Let's assume we send the following event and the timer data is dynamic, i.e. the properties of timer can not be known statically:

logEvent('E1', {
    E1P1: 'activitybar',
    ...f1,
    ...f4,
    timer: {
        waited: 536,
        processing: 43,
        queued: 97,
        elasped: 812
    }
});

The event is constructed in multiple steps, normally scattered across several files:

function logEvent(eventName, eventData) {
    eventData.CP1 = getSQMUserId();
    service.sendEvent(eventName, eventData);
}

let f1 : F1 = { F1P1 : 23 };

let f2 : F2 = { F2P1 : document.getLine(1) };

let f3 : F3 = { F3P1: publisher.displayName };

let f4 : F4 = {
    F4P1: extension.extensionName,
    F4P2: {
        ...f2,
        ...f3
    }
};

logEvent('E1', {
    E1P1: 'activitybar',
    ...f1,
    ...f4,
    timer: {
        waited: 536,
        processing: 43,
        queued: 97,
        elasped: 812
    }
});

In order to extract the event descriptions with simple scanners we use specific comments to describe telemetry events and their properties.
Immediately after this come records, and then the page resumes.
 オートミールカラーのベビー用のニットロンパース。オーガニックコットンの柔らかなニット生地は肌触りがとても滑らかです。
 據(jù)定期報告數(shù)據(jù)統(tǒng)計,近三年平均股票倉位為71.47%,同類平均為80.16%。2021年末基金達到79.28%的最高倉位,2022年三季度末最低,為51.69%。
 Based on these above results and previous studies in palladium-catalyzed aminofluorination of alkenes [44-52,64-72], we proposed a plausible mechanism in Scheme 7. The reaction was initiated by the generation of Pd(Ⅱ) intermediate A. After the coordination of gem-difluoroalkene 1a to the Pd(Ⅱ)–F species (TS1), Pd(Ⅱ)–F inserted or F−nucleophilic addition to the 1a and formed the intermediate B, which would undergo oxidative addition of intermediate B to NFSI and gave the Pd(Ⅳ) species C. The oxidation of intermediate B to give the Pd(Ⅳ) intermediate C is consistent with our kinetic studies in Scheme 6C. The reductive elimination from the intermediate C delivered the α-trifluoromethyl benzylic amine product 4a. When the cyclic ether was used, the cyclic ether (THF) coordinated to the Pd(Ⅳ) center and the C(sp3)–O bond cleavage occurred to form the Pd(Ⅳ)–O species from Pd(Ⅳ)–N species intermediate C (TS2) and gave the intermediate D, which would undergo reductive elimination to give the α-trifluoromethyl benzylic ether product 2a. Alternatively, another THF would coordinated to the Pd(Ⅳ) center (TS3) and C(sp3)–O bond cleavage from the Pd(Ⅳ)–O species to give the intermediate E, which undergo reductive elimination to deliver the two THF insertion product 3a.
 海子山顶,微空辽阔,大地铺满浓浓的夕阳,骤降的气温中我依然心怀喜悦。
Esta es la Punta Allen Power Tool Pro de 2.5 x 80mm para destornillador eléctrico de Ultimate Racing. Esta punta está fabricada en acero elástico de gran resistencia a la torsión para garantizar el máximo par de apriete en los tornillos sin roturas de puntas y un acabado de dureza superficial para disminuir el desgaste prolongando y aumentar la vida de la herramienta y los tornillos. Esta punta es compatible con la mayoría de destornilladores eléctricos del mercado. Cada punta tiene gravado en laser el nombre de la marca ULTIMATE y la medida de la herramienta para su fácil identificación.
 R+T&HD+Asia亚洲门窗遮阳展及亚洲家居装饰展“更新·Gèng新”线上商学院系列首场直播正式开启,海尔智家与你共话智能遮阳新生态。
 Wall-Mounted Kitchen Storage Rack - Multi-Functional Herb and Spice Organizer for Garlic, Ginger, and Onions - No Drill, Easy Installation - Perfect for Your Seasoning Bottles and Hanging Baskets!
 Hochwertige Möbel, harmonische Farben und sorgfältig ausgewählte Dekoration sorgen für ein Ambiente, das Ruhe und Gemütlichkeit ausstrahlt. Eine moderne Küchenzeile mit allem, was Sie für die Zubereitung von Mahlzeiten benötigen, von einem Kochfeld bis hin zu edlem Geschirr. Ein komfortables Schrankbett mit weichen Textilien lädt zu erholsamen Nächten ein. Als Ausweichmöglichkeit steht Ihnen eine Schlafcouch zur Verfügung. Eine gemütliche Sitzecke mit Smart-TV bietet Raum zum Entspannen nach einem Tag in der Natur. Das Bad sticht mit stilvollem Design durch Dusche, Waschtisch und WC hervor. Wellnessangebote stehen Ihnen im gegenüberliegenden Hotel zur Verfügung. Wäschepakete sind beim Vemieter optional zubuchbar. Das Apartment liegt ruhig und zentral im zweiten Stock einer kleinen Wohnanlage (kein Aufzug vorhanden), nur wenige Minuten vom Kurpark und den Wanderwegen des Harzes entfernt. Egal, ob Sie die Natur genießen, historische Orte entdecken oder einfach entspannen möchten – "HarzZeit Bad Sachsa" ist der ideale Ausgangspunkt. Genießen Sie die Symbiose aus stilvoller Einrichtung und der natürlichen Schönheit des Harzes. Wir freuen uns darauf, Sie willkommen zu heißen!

We place those comments as close as possible to where the events and properties are generated. The code above would be annotated as follows:

// __GDPR__COMMON__ "CP1" : { "endPoint": "SqmUserId", "classification": "EndUserPseudonymizedInformation", "purpose": "BusinessInsight" }
function logEvent(eventName, eventData) {
    eventData.CP1 = getSQMUserId();
    service.sendEvent(eventName, eventData);
}

/* __GDPR__FRAGMENT__
   "F1" : {
      "F1P1": { "classification": "SystemMetaData", "purpose": "FeatureInsight" }
   }
 */
let f1 : F1 = { F1P1 : 23 };

/* __GDPR__FRAGMENT__
   "F2" : {
      "F2P1" : { "classification": "CustomerContent", "purpose": "PerformanceAndHealth" }
   }
 */
let f2 : F2 = { F2P1 : document.getLine(1) };

/* __GDPR__FRAGMENT__
   "F3" : {
      "F3P1" : { "classification": "PublicPersonalData", "purpose": "FeatureInsight" }
   }
 */
let f3 : F3 = { F3P1: publisher.displayName };

/* __GDPR__FRAGMENT__
   "F4" : {
      "F4P1" : { "classification": "PublicNonPersonalData", "purpose": "FeatureInsight" },
      "F4P2": {
          "${inline}": [
              "${F2}",
              "${F3}"
            ]
        }
   }
 */
let f4 : F4 = {
    F4P1: extension.extensionName,
    F4P2: {
        ...f2,
        ...f3
    }
};

/* __GDPR__
   "E1" : {
      "E1P1" : { "classification": "SystemMetaData", "purpose": "FeatureInsight" },
      "${include}": [
          "${F1}",
          "${F4}"
        ],
      "${wildcard}": [
         {
            "${prefix}": "timer.",
            "${classification}": { "classification": "SystemMetaData", "purpose": "FeatureInsight" }
         }
      ]
   }
 */
logEvent('E1', {
    E1P1: 'activitybar',
    ...f1,
    ...f4,
    timer: {
        waited: 536,
        processing: 43,
        queued: 97,
        elasped: 812
    }
});

The GDPR comments are processed and result in the following final description of the E1 event. Every property that starts with timer. -- such as timer.waited -- is classified as system metadata that we collect for gaining insights into how the feature is being used.

   "E1" : {
      "E1P1" : { "classification": "SystemMetaData", "purpose": "FeatureInsight" },
      "F1P1": { "classification": "SystemMetaData", "purpose": "FeatureInsight" },
      "F4P1" : { "classification": "PublicNonPersonalData", "purpose": "FeatureInsight" },
      "F4P2.F2P1" : { "classification": "CustomerContent", "purpose": "PerformanceAndHealth" },
      "F4P2.F3P1" : { "classification": "PublicPersonalData", "purpose": "FeatureInsight" },
      "${wildcard}": [
         {
            "${prefix}": "timer.",
            "${classification}": { "classification": "SystemMetaData", "purpose": "FeatureInsight" }
         }
      ],
      "CP1" : { "endPoint": "SqmUserId", "classification": "EndUserPseudonymizedInformation", "purpose": "BusinessInsight" }
   }

Syntax

All GDPR comments are tagged with one of the following tags and are otherwise well-formed JSON.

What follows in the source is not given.